# South Llano Paddle



## flyfishingmike (Nov 26, 2010)

This report is a couple of weeks old, but with OktoberFisch coming up soon, now seems like a good time to post it.

The South Llano River is unique among Texas rivers. The headwaters run for about 20 miles, flowing from the the southwest to northeast, toward the town of Junction. Public access is possible at the first and second crossings on Hwy 377, and also from the South Llano River State Park. 

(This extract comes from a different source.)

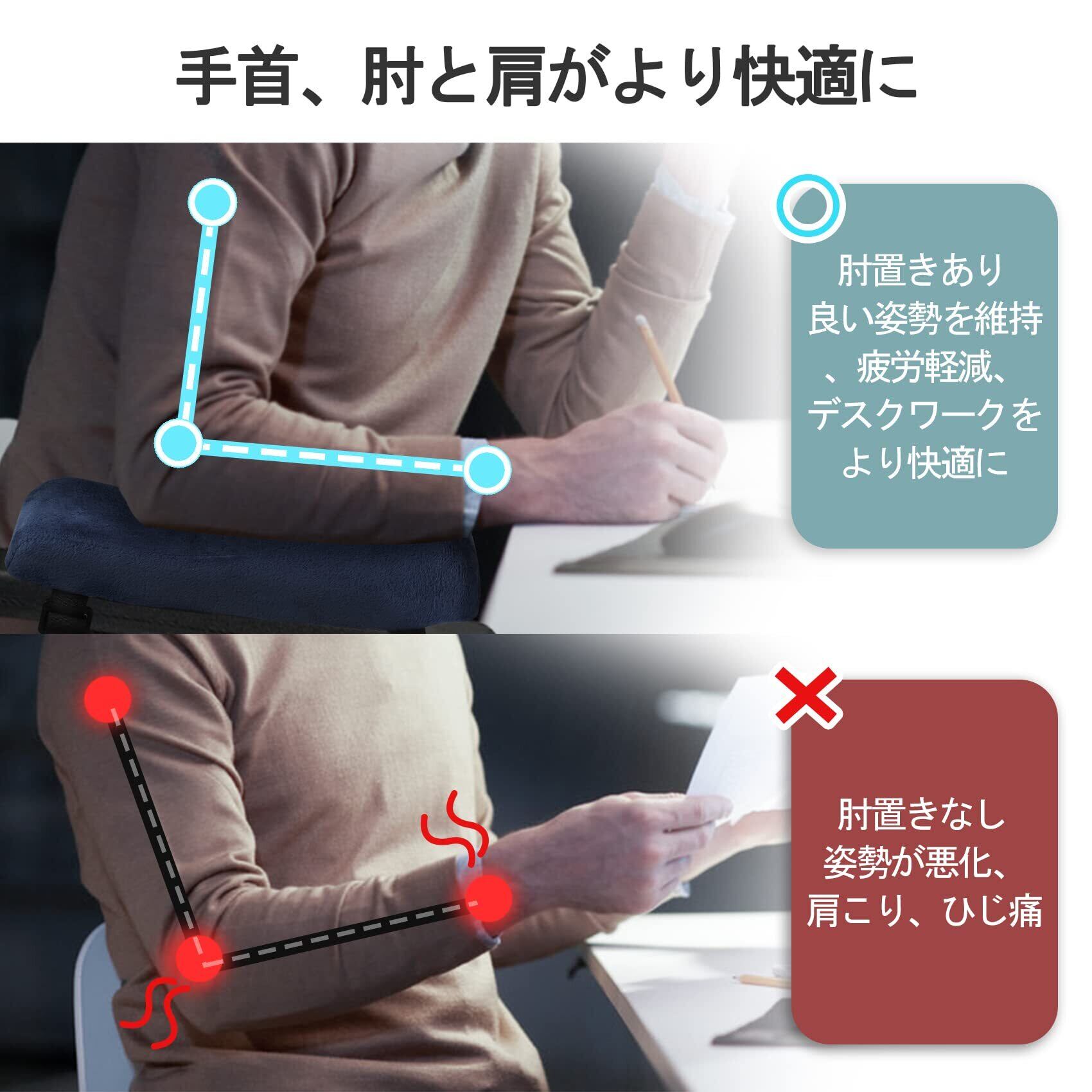 素材へのこだわり:腕置きアームレストクッションは低反発のメモリーフォームをを採用し、腕の形や位置に合わせてフィットするため、体にかかる負担をさらに軽減し、長時間のPC作業をサポートします。カバーの表地は通気性に優れたポリエステルで長時間でも蒸れにくく、使い心地が良いです。

Vertical limestone cliffs, pecan bottoms, and a menagerie of wildlife, make this an interesting paddle . . . . . then add several species of wild fish, in their native waters . . . . Wow!

I managed to catch several beautiful Guadalupe bass, gorgeous sunfish, and hard fighting channel catfish . . . . all between mid-afternoon and sunset.

The fly of choice was a yellow popper, but they also hit a deep diving wolly bugger with abandon. Two fish broke off . . . . so they remain anonymous.

Let's go fishing.


----------



## Ready.Fire.Aim (Sep 22, 2009)

Wonderful report, thanks for sharing. Beautiful country. 
Is the Llano 100% spring fed?


----------



## daddyhoney (Dec 4, 2006)

It's great to be a part of Texas rivers!


----------



## skinnywaterfishin (Jul 1, 2015)

One of my favorite rivers to float. Just beautiful. 

Looks like the water is running good.


----------



## flyfishingmike (Nov 26, 2010)

Ready.Fire.Aim said:


> Wonderful report, thanks for sharing. Beautiful country.
> Is the Llano 100% spring fed?


Continual flow comes from an area known as "700 springs". Of course, the drainage area catches runoff from rainfall. This past spring there was a rain event dumping ten inches in a few hours. The resulting flood cleaned out silt and deris, and left the river better than ever.


----------